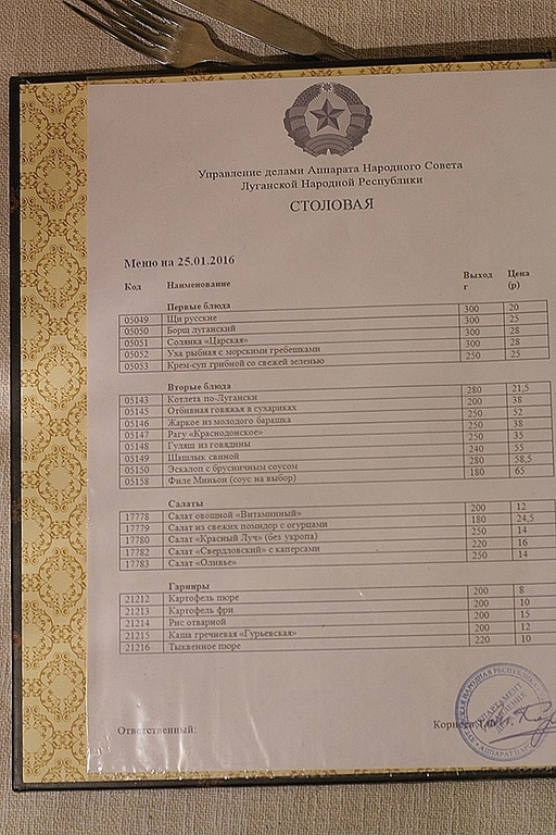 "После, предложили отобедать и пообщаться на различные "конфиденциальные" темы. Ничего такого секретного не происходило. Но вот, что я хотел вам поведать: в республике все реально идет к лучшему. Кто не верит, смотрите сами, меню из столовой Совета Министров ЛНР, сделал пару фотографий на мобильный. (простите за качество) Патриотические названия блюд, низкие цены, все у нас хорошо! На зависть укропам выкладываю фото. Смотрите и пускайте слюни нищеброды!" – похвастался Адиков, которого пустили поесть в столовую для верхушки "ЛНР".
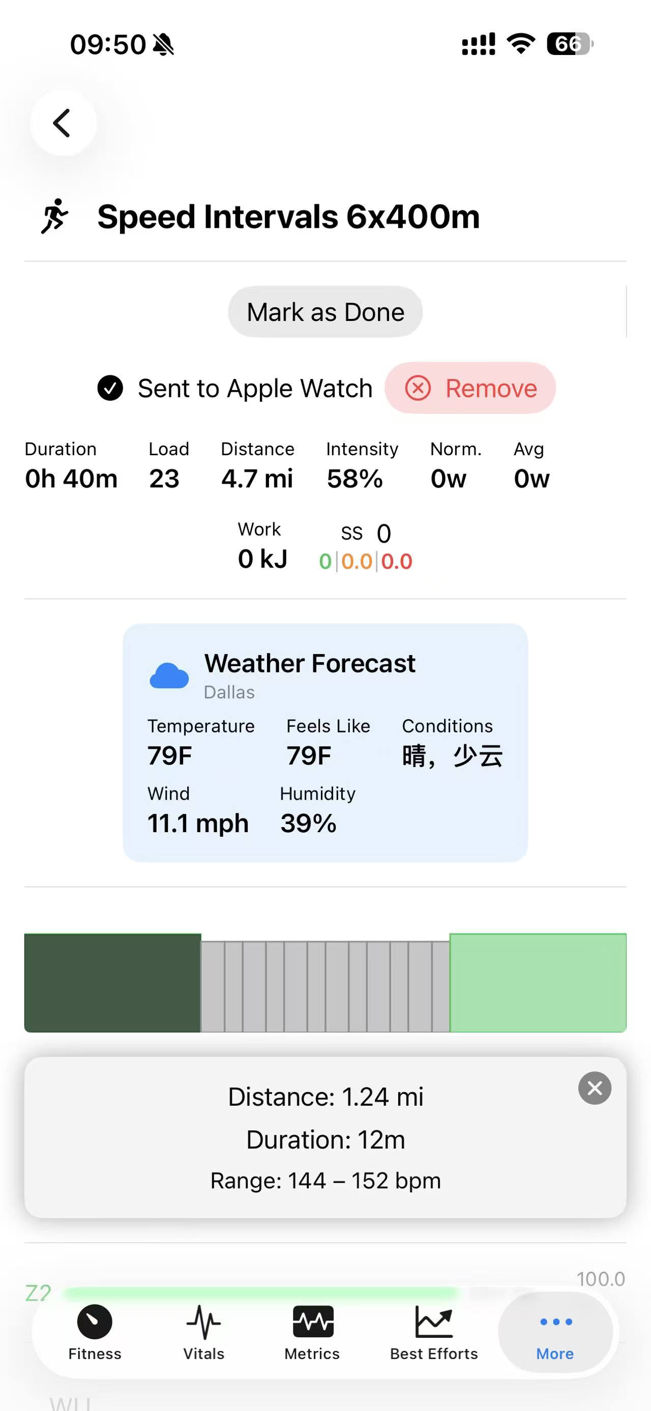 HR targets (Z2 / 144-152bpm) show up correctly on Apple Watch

---

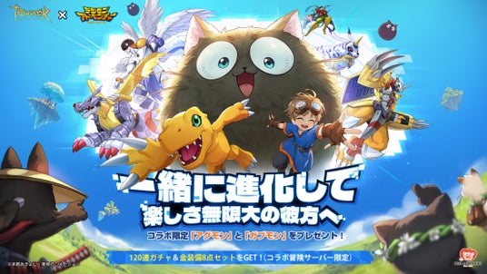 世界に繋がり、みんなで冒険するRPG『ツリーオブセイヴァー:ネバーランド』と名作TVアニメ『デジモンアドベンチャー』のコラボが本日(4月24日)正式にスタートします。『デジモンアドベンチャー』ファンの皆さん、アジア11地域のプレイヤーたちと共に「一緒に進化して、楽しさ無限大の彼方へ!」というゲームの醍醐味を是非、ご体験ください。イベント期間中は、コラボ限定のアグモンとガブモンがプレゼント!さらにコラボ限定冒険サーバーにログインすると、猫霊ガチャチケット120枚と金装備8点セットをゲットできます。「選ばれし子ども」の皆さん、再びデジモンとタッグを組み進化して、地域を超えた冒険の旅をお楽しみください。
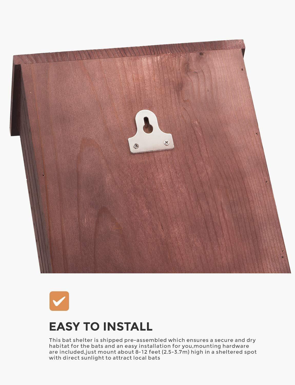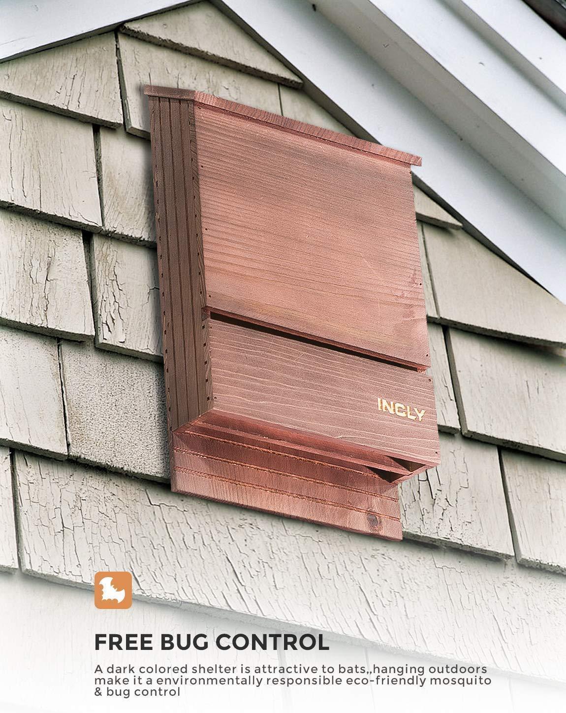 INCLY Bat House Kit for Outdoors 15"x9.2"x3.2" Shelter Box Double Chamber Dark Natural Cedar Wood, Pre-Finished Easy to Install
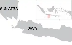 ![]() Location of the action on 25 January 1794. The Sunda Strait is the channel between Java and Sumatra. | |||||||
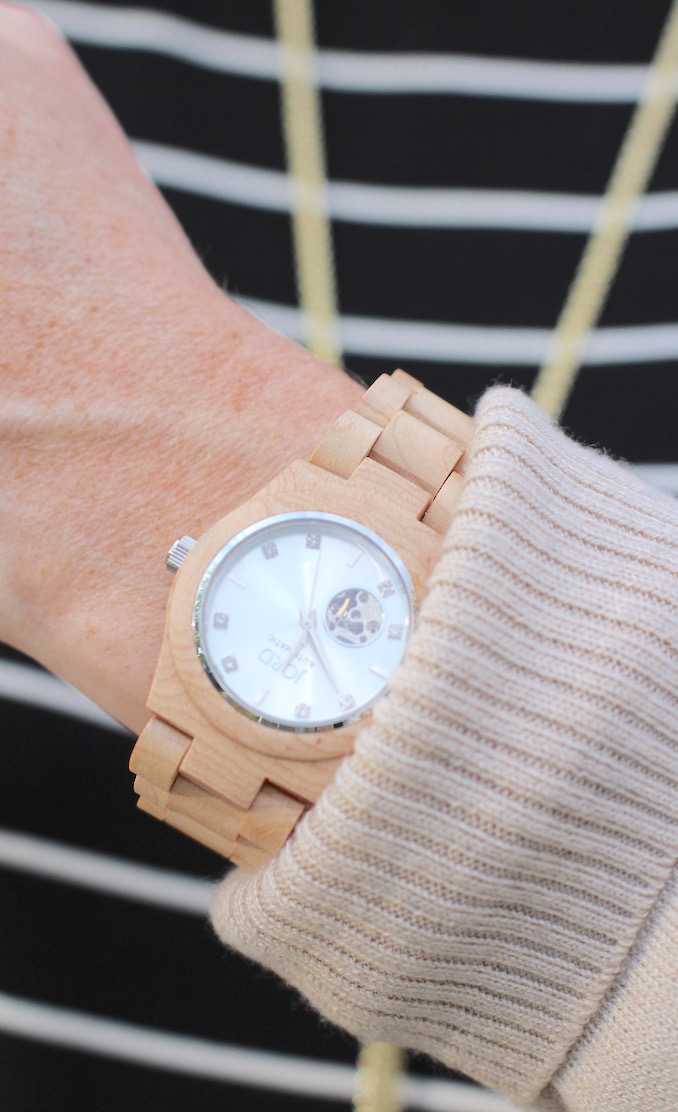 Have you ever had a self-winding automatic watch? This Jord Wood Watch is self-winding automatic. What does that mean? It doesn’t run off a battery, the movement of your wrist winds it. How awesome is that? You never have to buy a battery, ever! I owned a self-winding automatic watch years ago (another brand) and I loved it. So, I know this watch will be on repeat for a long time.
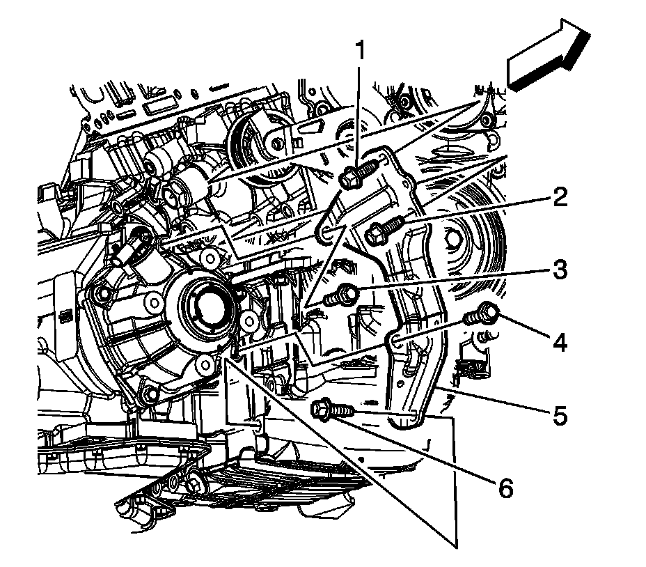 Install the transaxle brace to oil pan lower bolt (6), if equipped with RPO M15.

■ TASK TO COMPLETE
Beginning at the line above that contains "предложили отобедать и" and going on through the line that contains "HR targets (Z2", please copy every line exactly, leaving the pictures out and adding nothing.

■ PROBLEM SOLUTION
 "После, предложили отобедать и пообщаться на различные "конфиденциальные" темы. Ничего такого секретного не происходило. Но вот, что я хотел вам поведать: в республике все реально идет к лучшему. Кто не верит, смотрите сами, меню из столовой Совета Министров ЛНР, сделал пару фотографий на мобильный. (простите за качество) Патриотические названия блюд, низкие цены, все у нас хорошо! На зависть укропам выкладываю фото. Смотрите и пускайте слюни нищеброды!" – похвастался Адиков, которого пустили поесть в столовую для верхушки "ЛНР".
 HR targets (Z2 / 144-152bpm) show up correctly on Apple Watch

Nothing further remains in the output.